→ DATA SHOWN:
◆ ◆ ◆
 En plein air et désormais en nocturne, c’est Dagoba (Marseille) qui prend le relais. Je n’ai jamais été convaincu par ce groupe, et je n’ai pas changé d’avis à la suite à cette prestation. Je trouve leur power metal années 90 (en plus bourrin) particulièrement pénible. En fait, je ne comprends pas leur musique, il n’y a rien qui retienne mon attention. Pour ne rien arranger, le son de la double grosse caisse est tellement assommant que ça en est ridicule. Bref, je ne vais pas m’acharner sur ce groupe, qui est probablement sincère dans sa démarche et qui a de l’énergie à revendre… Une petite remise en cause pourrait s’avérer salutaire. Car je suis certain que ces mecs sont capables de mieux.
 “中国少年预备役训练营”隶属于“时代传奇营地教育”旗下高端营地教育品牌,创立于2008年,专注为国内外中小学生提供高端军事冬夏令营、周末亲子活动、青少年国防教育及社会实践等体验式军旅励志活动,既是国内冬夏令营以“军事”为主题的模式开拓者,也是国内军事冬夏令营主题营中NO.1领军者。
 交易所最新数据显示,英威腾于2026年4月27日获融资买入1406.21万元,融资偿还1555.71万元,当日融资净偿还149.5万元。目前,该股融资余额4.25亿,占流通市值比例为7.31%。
◆ ◆ ◆
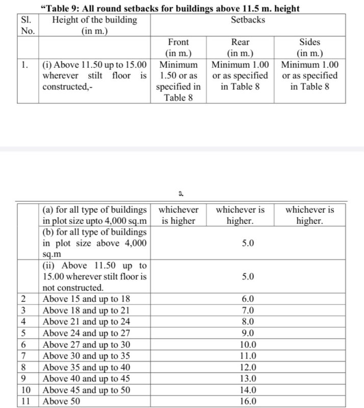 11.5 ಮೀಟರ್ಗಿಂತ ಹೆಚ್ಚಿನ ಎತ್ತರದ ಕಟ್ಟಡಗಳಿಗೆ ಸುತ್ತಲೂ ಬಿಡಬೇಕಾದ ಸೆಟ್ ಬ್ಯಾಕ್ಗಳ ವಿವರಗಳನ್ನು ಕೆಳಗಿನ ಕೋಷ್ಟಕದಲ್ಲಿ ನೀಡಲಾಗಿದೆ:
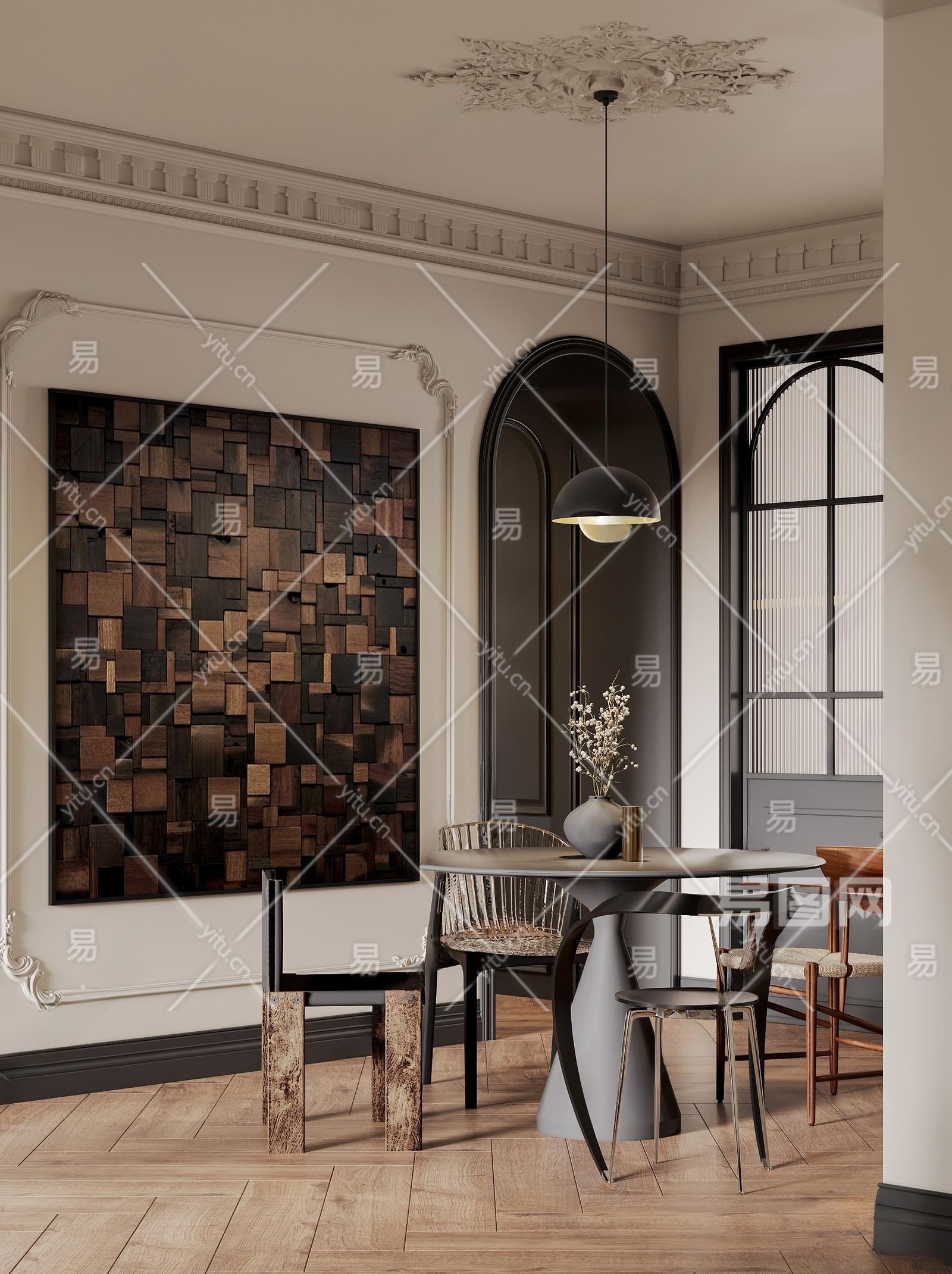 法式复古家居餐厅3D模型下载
◆ ◆ ◆
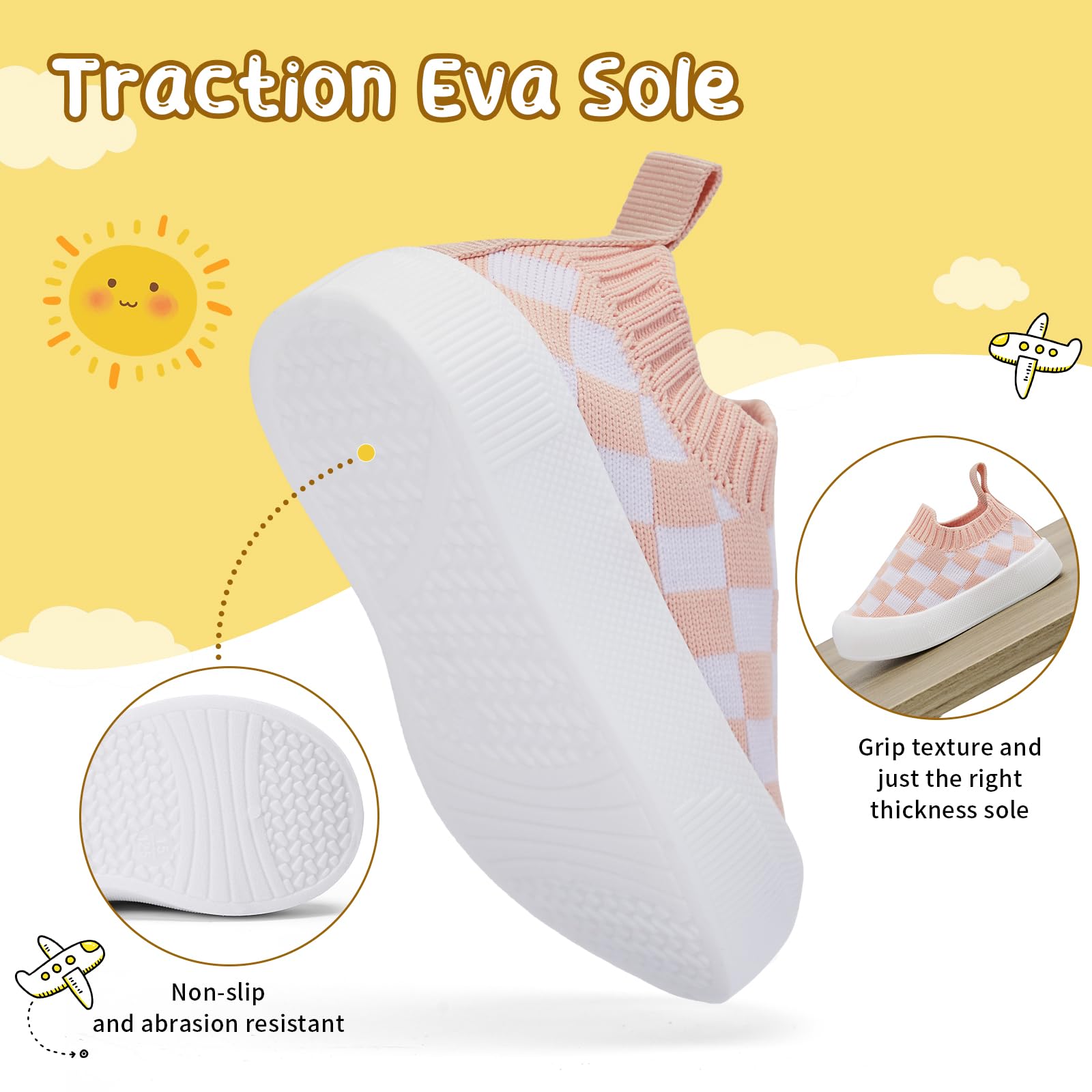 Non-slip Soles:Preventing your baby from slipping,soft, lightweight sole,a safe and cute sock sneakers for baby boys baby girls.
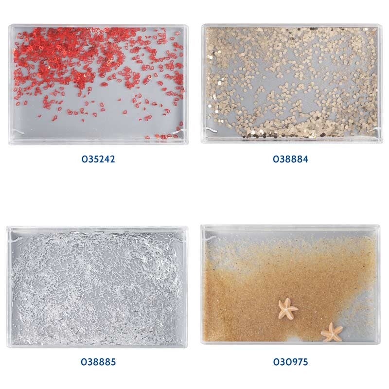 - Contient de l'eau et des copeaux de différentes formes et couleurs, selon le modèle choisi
◆ ◆ ◆
→ WORK INSTRUCTION: Set down, from the entries above, exactly the lines from the one with "En plein air" up to and including the one with "交易所最新数据显示,英威腾于", and no other lines.

→ REPLY TO THE EXERCISE:
 En plein air et désormais en nocturne, c’est Dagoba (Marseille) qui prend le relais. Je n’ai jamais été convaincu par ce groupe, et je n’ai pas changé d’avis à la suite à cette prestation. Je trouve leur power metal années 90 (en plus bourrin) particulièrement pénible. En fait, je ne comprends pas leur musique, il n’y a rien qui retienne mon attention. Pour ne rien arranger, le son de la double grosse caisse est tellement assommant que ça en est ridicule. Bref, je ne vais pas m’acharner sur ce groupe, qui est probablement sincère dans sa démarche et qui a de l’énergie à revendre… Une petite remise en cause pourrait s’avérer salutaire. Car je suis certain que ces mecs sont capables de mieux.
 “中国少年预备役训练营”隶属于“时代传奇营地教育”旗下高端营地教育品牌,创立于2008年,专注为国内外中小学生提供高端军事冬夏令营、周末亲子活动、青少年国防教育及社会实践等体验式军旅励志活动,既是国内冬夏令营以“军事”为主题的模式开拓者,也是国内军事冬夏令营主题营中NO.1领军者。
 交易所最新数据显示,英威腾于2026年4月27日获融资买入1406.21万元,融资偿还1555.71万元,当日融资净偿还149.5万元。目前,该股融资余额4.25亿,占流通市值比例为7.31%。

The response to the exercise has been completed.